**Activity**
Everything from the line that has "I lägenheten möts" to the last line of the listing must be repeated exactly, and nothing more; omit the pictures.

================================

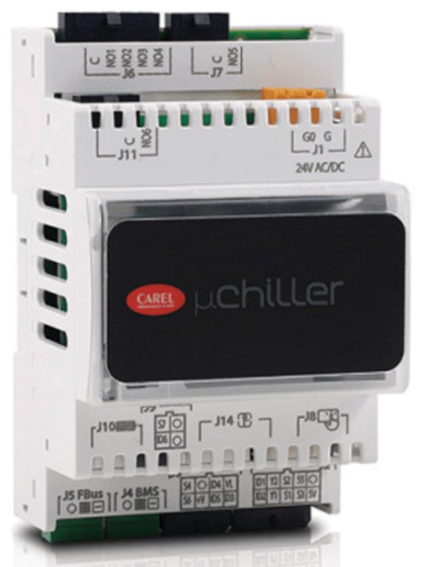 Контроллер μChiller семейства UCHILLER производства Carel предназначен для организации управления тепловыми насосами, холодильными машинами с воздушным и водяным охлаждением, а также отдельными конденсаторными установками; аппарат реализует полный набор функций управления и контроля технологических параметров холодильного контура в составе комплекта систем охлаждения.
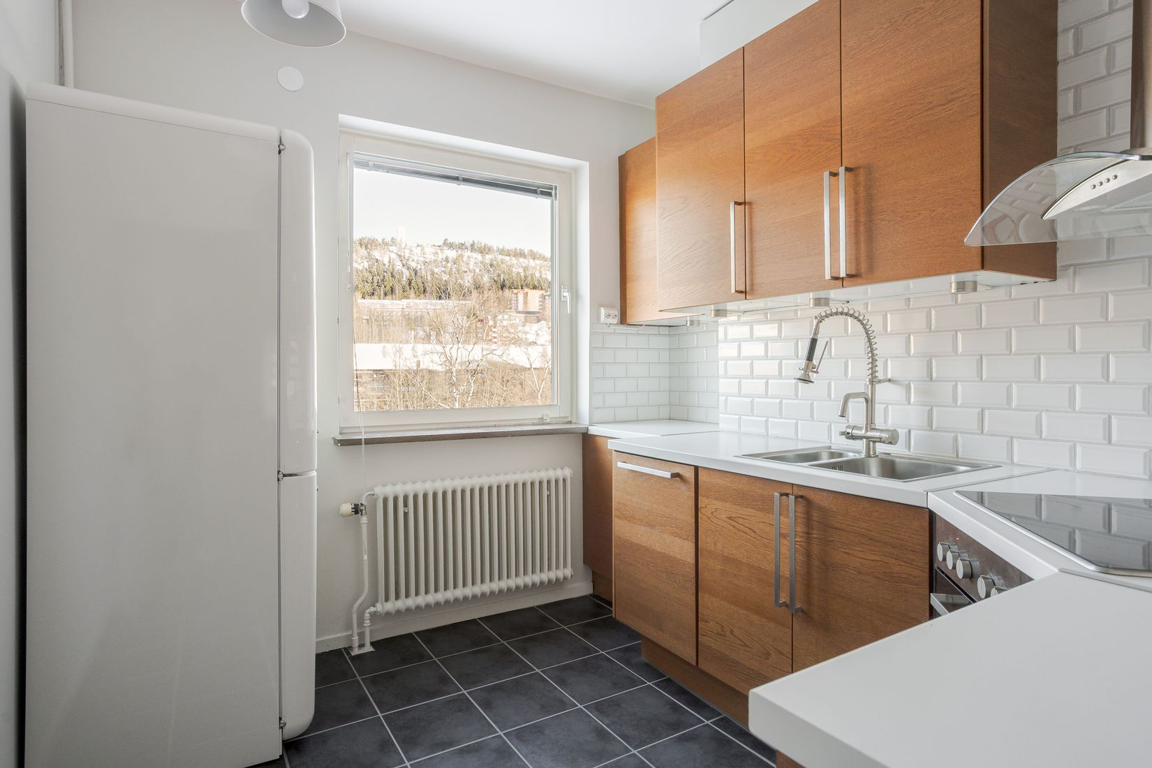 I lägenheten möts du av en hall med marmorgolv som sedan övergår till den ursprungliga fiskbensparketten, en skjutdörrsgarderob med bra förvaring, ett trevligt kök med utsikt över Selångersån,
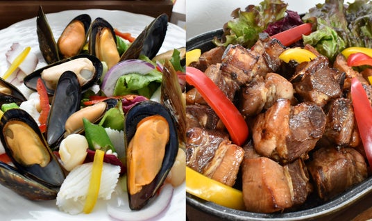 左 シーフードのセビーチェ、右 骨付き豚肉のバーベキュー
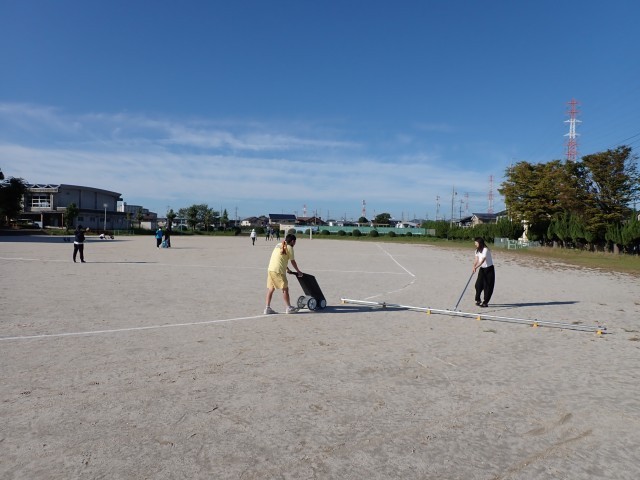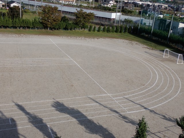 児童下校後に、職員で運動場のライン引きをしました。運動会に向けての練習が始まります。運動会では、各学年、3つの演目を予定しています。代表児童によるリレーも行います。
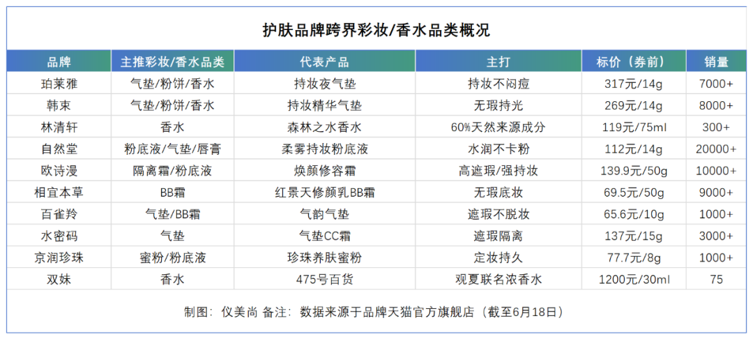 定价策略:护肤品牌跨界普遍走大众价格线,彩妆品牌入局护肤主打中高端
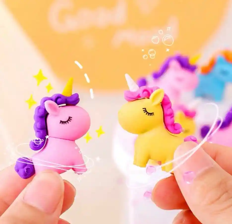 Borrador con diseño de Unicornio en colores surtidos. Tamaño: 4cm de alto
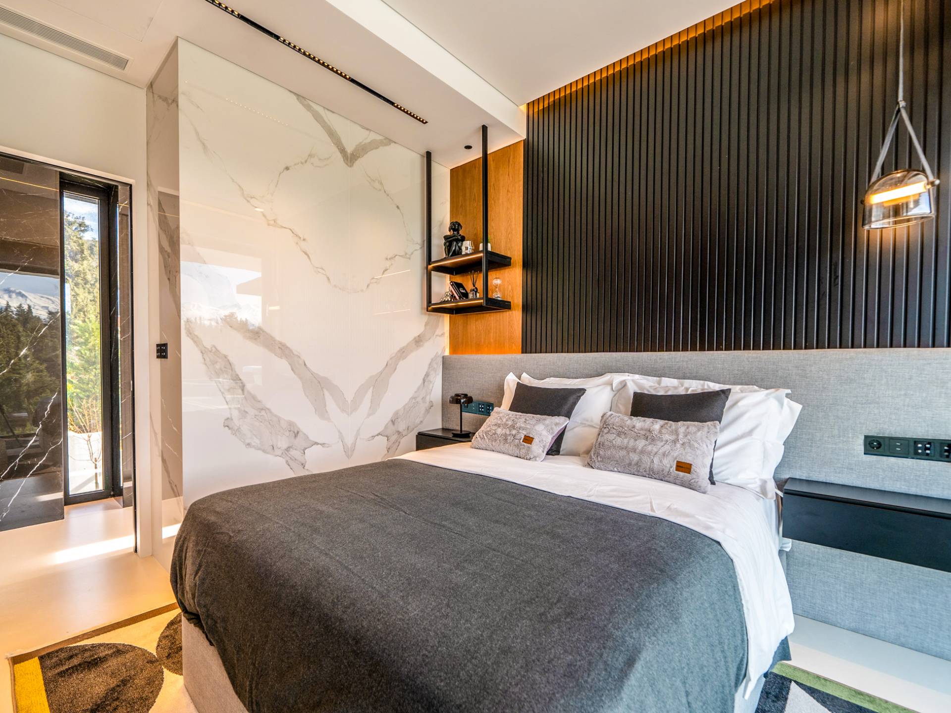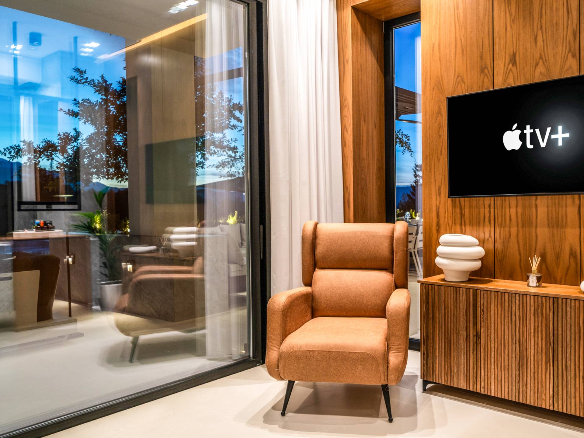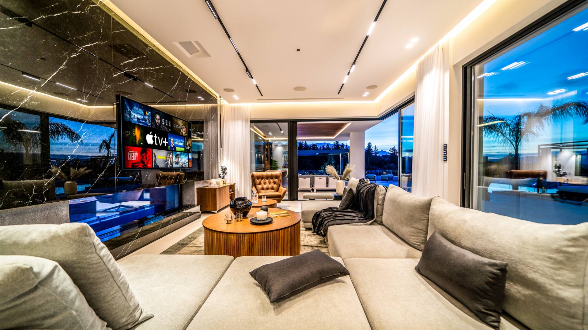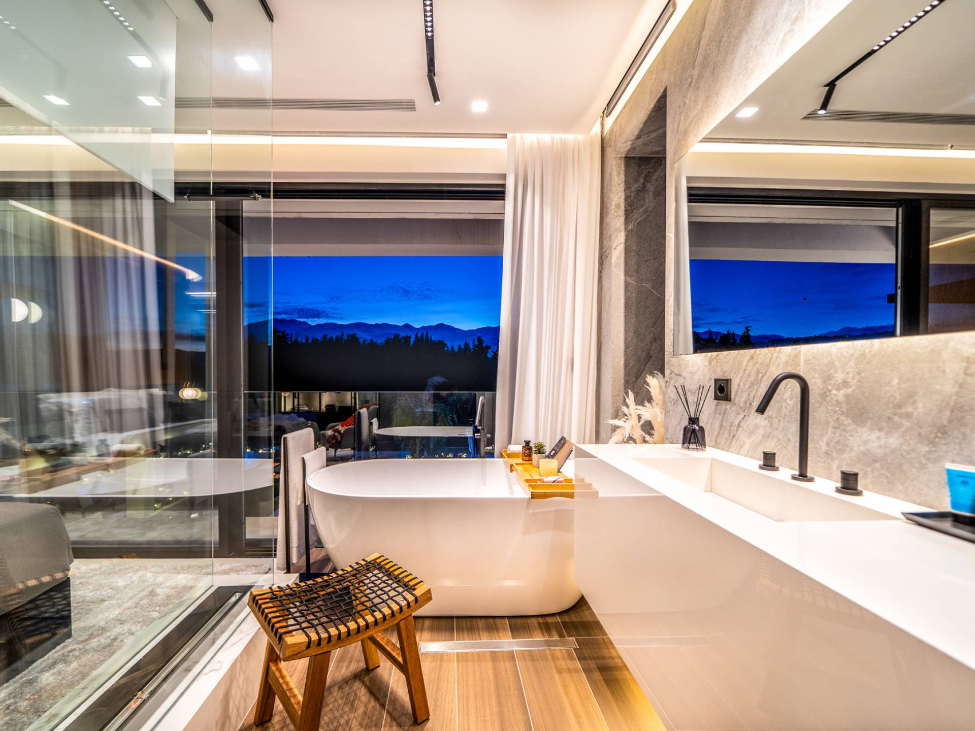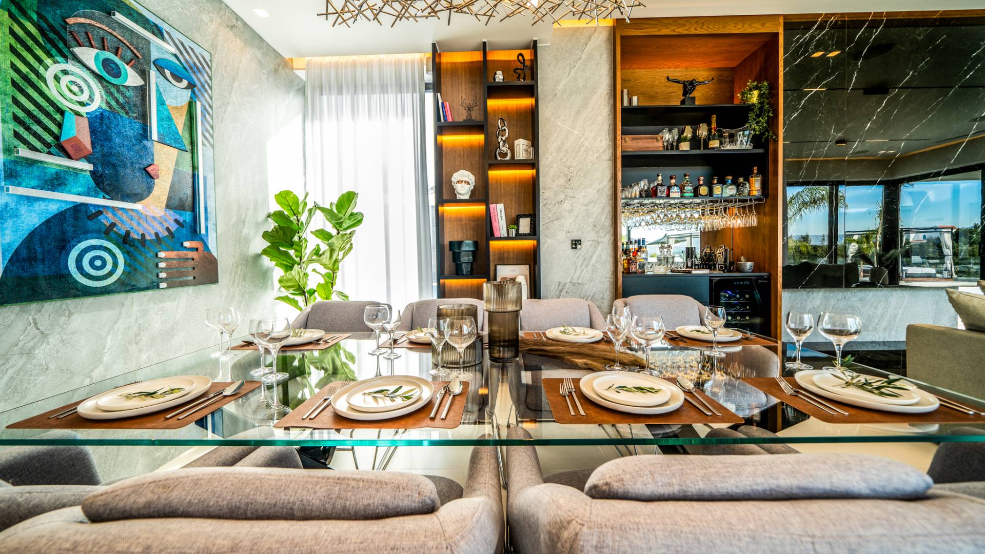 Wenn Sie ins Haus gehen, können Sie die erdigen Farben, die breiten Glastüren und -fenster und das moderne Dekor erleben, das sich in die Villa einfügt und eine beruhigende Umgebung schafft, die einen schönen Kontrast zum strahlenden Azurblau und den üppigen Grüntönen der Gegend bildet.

================================

**Result of this task**
 I lägenheten möts du av en hall med marmorgolv som sedan övergår till den ursprungliga fiskbensparketten, en skjutdörrsgarderob med bra förvaring, ett trevligt kök med utsikt över Selångersån,
 左 シーフードのセビーチェ、右 骨付き豚肉のバーベキュー
 児童下校後に、職員で運動場のライン引きをしました。運動会に向けての練習が始まります。運動会では、各学年、3つの演目を予定しています。代表児童によるリレーも行います。
 定价策略:护肤品牌跨界普遍走大众价格线,彩妆品牌入局护肤主打中高端
 Borrador con diseño de Unicornio en colores surtidos. Tamaño: 4cm de alto
 Wenn Sie ins Haus gehen, können Sie die erdigen Farben, die breiten Glastüren und -fenster und das moderne Dekor erleben, das sich in die Villa einfügt und eine beruhigende Umgebung schafft, die einen schönen Kontrast zum strahlenden Azurblau und den üppigen Grüntönen der Gegend bildet.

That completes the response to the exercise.